# Looking to adopt female dumbo rats! (Evansville, IN)



## Rarity (Jun 8, 2015)

I am looking to adopt 2 young female dumbo rats (possibly 3, if there is a group that you don't want split up). I'm not too terribly picky about colors or patterns, but I do have a few preferences. My favorite colors are any variations of blue and fawn (just a preference, not a dealbreaker). Strongly prefer black eyes, but ruby is alright too, and possibly pink (no red though). I would like straight/standard coat, not rex.

I am located in Evansville, IN (southern Indiana area) and would prefer someone within a few hours driving distance of me; if you are willing to deliver or meet halfway that is always helpful as well (I'm willing to pay extra for this). I've been in contact with EARPS as well as a local breeder, but still searching for breeders and other rescues who might have what I'm looking for.

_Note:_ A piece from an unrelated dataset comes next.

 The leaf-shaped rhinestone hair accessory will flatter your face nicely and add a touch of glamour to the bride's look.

My boyfriend and I will be first time rat owners, but we've been prepping accordingly! I've purchased and painted a DCN for them, as well as lots of toys and other supplies. I've also researched to make sure that they would be a good fit for our lifestyle, as well as their potential health issues, diet, temperament, etc. I'm always happy to fill out an application or answer questions for breeders who require that (and I love sending updates and photos as well).

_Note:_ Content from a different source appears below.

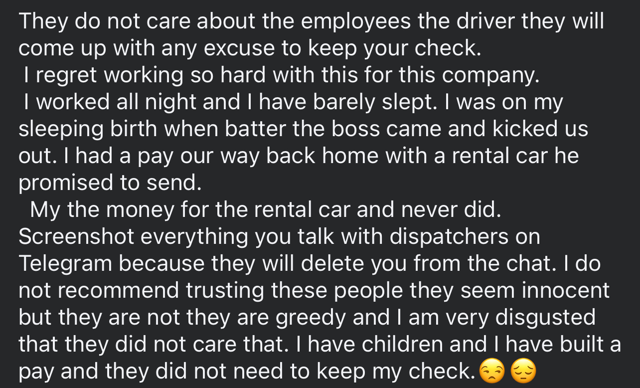 No pierdas el tiempo trabajando para ABA CARRIERS. Trabaje para ellos y te puedo decir que no se lo recomiendo a nadie, investigando un poco me di cuenta de que lo mismo que pase yo también le ha pasado a otras personas con la misma compañía(aquí les muestro). Crees que harás buenas millas en esta compañía? Pues no no la haras porque esta compañía no tiene buenas relaciones con las grandes compañías de Estadls Unidos. Es por eso que tampoco ganarás mucho dinero y lo poco que ganes siempre buscarán una escusa para quitarte un... read more

I'm new to rat ownership, but have owned and do own other exotic pets! I currently have a netherland dwarf rabbit (Lilo), a short-haired syrian hamster (Mango), a roborovski hamster (Lychee), and a winter white/campbell's russian hybrid hamster (Puddi). I have also owned sugar gliders in the past. After owning exotics, I learned the importance of finding a knowledgeable vet who is able to care for these small animals; mine lives nearby and is very experienced with exotics. We had Lilo spayed by him (she's our only bun, but we wanted to spay her so she'd live a longer, happier, healthier life).

Even if you don't have any available right this moment, if you are located near me please let me know! I can wait a few months if need be.


----------



## Marie15 (Mar 14, 2014)

I so wish we lived closer so that you could meet Saber - she would absolutely steal your heart! Litter trained and comes to her name, and I really want her to go to a home with rattie companions. If you hear of a rattie train starting in Florida and headed your way, please let her join your family lol!


----------



## Coconutlepers (Oct 26, 2014)

earps.org has a TON of rats for adoption! It's in Brownsburg, IN (but I think most of the rats are in Indianapolis right now, at a pet salon) and they're great people.


----------